- Born: 13 August 1915 Birkenhead, England
- Died: 8 August 1996 (aged 80) Portsmouth, England
- Spouse: Audrey

= Harry Angelman =

British paediatrician (1915–96)

Harry Angelman (13 August 1915 – 8 August 1996) was a British consultant paediatrician who originally identified Angelman syndrome, which was later named after him.

==Biography==
Angelman was born in Birkenhead in 1915. He qualified in Liverpool in 1938.
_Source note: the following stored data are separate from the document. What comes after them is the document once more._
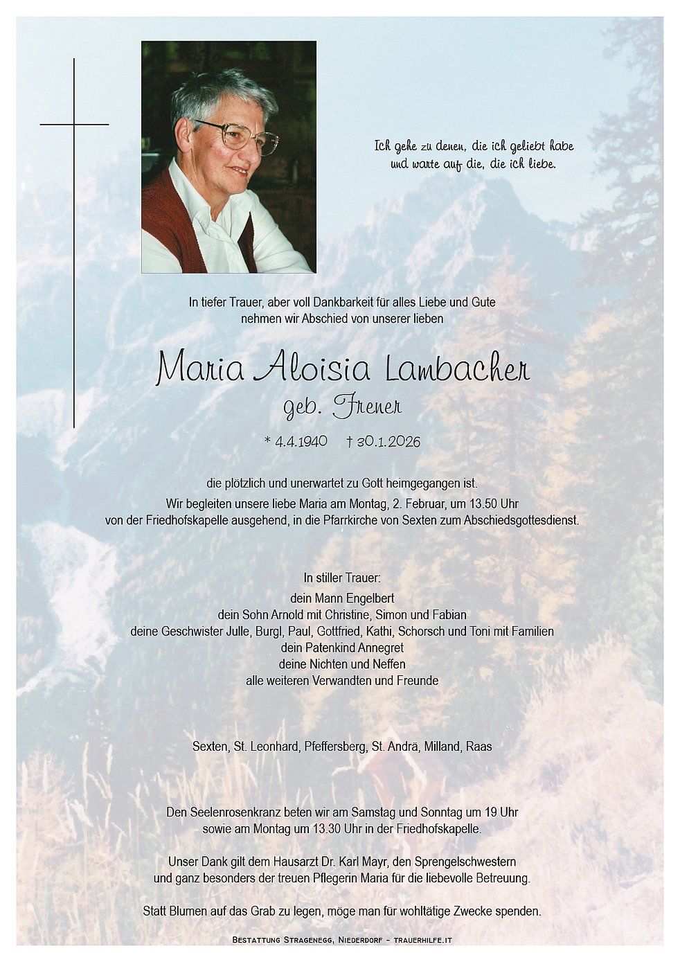 Begräbnisgottesdienst: 02.02. - 14:00 Uhr Sexten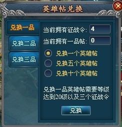 英雄贴获得方法:如下图所示,可以通过征战令兑换阶品的英雄贴。低品英雄贴可以合成高品英雄贴。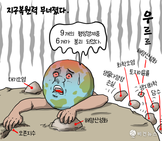 [비건만평] "지구복원력 무너져" 9개 행성경계 중 6개 붕괴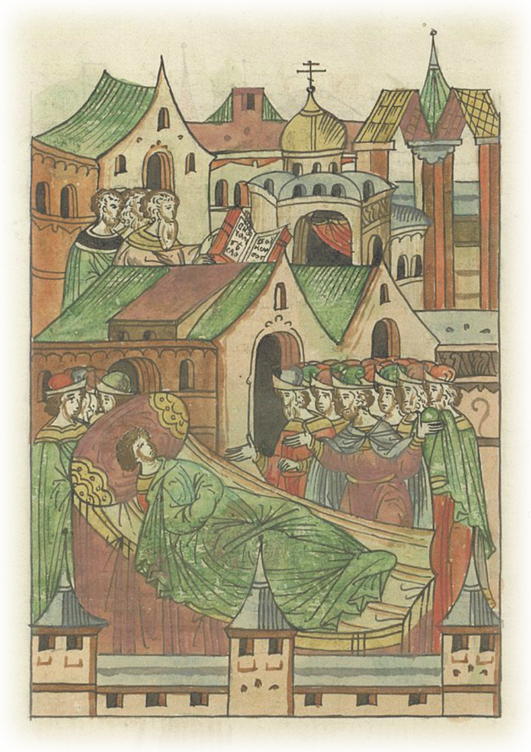 В среду же перестал говорить, но людей узнавал, в четверг во время обедни, когда начали читать святое Евангелие, князь окончательно испустил дух месяца сентября в 22 день.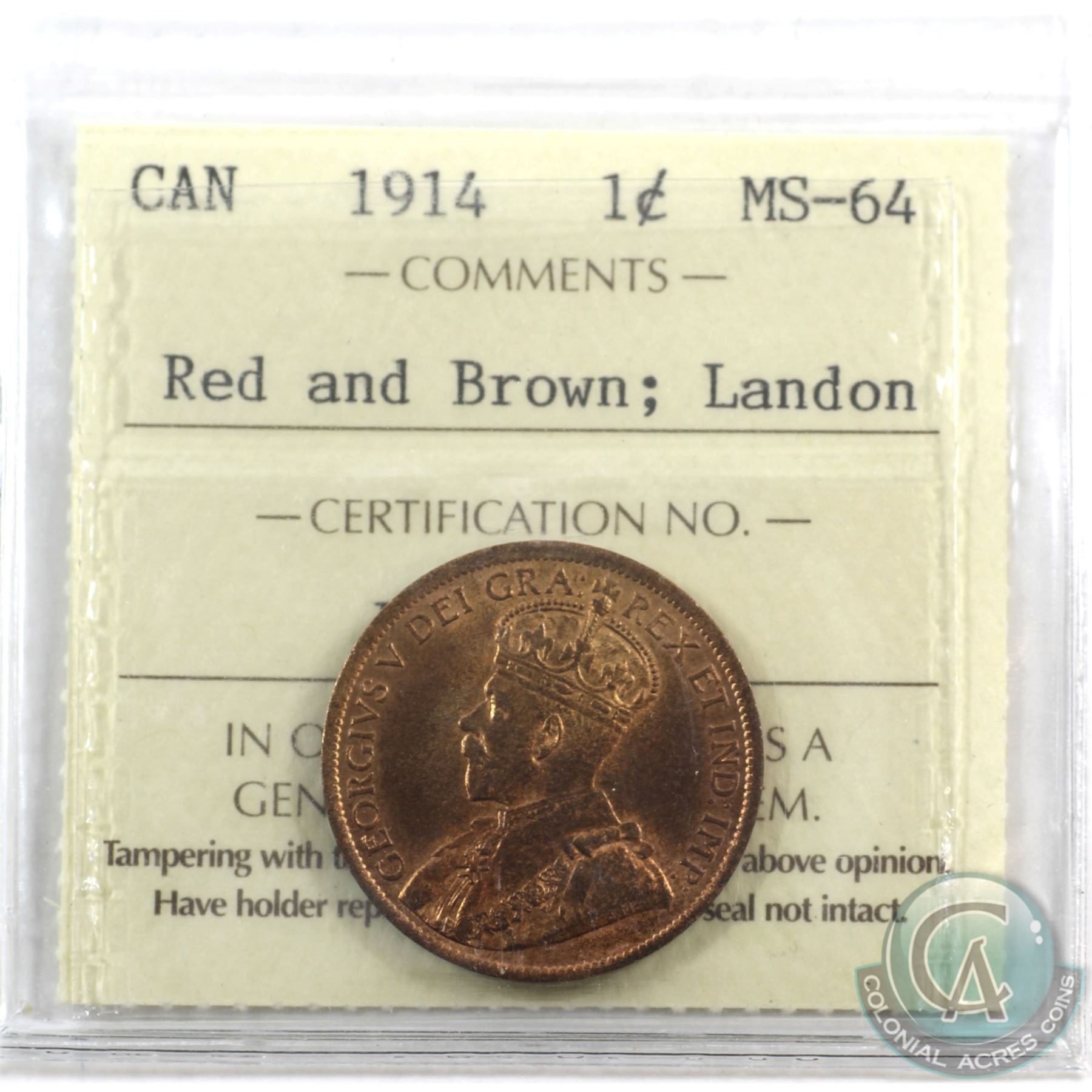 1-cent 1914 ICCS Certified MS-64 Red and Brown; Landon. 70% full red.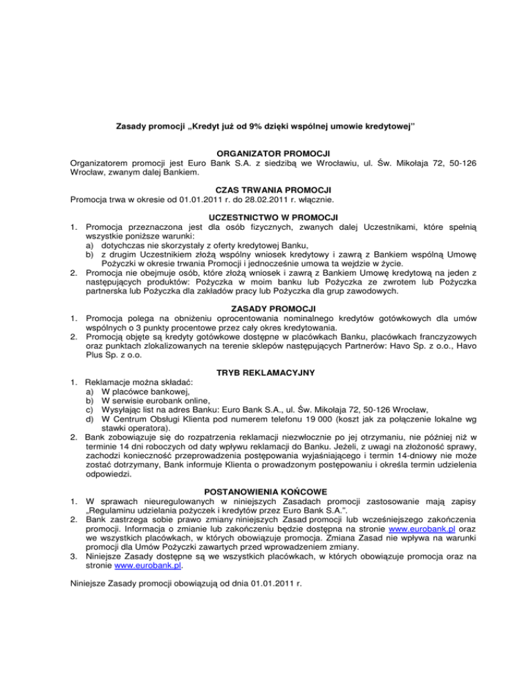 Zasady promocji „Kredyt już od 9% dzięki wspólnej umowie kredytowej” ORGANIZATOR PROMOCJI Organizatorem promocji jest Euro Bank S.A. z siedzibą we Wrocławiu, ul. Św. Mikołaja 72, 50-126 Wrocław, zwanym dalej Bankiem. CZAS TRWANIA PROMOCJI Promocja trwa w okresie od 01.01.2011 r. do 28.02.2011 r. włącznie. UCZESTNICTWO W PROMOCJI 1. Promocja przeznaczona jest dla osób fizycznych, zwanych dalej Uczestnikami, które spełnią wszystkie poniższe warunki: a) dotychczas nie skorzystały z oferty kredytowej Banku, b) z drugim Uczestnikiem złożą wspólny wniosek kredytowy i zawrą z Bankiem wspólną Umowę Pożyczki w okresie trwania Promocji i jednocześnie umowa ta wejdzie w życie. 2. Promocja nie obejmuje osób, które złożą wniosek i zawrą z Bankiem Umowę kredytową na jeden z następujących produktów: Pożyczka w moim banku lub Pożyczka ze zwrotem lub Pożyczka partnerska lub Pożyczka dla zakładów pracy lub Pożyczka dla grup zawodowych. ZASADY PROMOCJI 1. Promocja polega na obniżeniu oprocentowania nominalnego kredytów gotówkowych dla umów wspólnych o 3 punkty procentowe przez cały okres kredytowania. 2. Promocją objęte są kredyty gotówkowe dostępne w placówkach Banku, placówkach franczyzowych oraz punktach zlokalizowanych na terenie sklepów następujących Partnerów: Havo Sp. z o.o., Havo Plus Sp. z o.o. TRYB REKLAMACYJNY 1. Reklamacje można składać: a) W placówce bankowej, b) W serwisie eurobank online, c) Wysyłając list na adres Banku: Euro Bank S.A., ul. Św. Mikołaja 72, 50-126 Wrocław, d) W Centrum Obsługi Klienta pod numerem telefonu 19 000 (koszt jak za połączenie lokalne wg stawki operatora). 2. Bank zobowiązuje się do rozpatrzenia reklamacji niezwłocznie po jej otrzymaniu, nie później niż w terminie 14 dni roboczych od daty wpływu reklamacji do Banku. Jeżeli, z uwagi na złożoność sprawy, zachodzi konieczność przeprowadzenia postępowania wyjaśniającego i termin 14-dniowy nie może zostać dotrzymany, Bank informuje Klienta o prowadzonym postępowaniu i określa termin udzielenia odpowiedzi. POSTANOWIENIA KOŃCOWE 1. W sprawach nieuregulowanych w niniejszych Zasadach promocji zastosowanie mają zapisy „Regulaminu udzielania pożyczek i kredytów przez Euro Bank S.A.”. 2. Bank zastrzega sobie prawo zmiany niniejszych Zasad promocji lub wcześniejszego zakończenia promocji. Informacja o zmianie lub zakończeniu będzie dostępna na stronie www.eurobank.pl oraz we wszystkich placówkach, w których obowiązuje promocja. Zmiana Zasad nie wpływa na warunki promocji dla Umów Pożyczki zawartych przed wprowadzeniem zmiany. 3. Niniejsze Zasady dostępne są we wszystkich placówkach, w których obowiązuje promocja oraz na stronie www.eurobank.pl. Niniejsze Zasady promocji obowiązują od dnia 01.01.2011 r.

He was an enthusiast for the language and country of Italy. He observed three unrelated children who showed similar symptoms of severe intellectual disablement, lack of speech, motor disorders, and happy demeanours. He was in two minds as to whether he should publish his findings, but he described seeing a painting whose name seemed to characterise the symptoms he had observed. The painting showed a laughing boy with a puppet and was by the Renaissance artist Giovanni Francesco Caroto. His 1965 paper described what he called "puppet children", inspired by the painting.

His paper was not immediately recognised as important, but later discoveries of similar children led to the idea of renaming the condition Angelman syndrome.

An American Angelman Syndrome Support Group was started in Waterlooville, Hampshire, in 1986.

Angelman travelled to talk about his discovery, and his work was mentioned as important by U.S. President Bill Clinton.

Angelman died due to a colon tumour.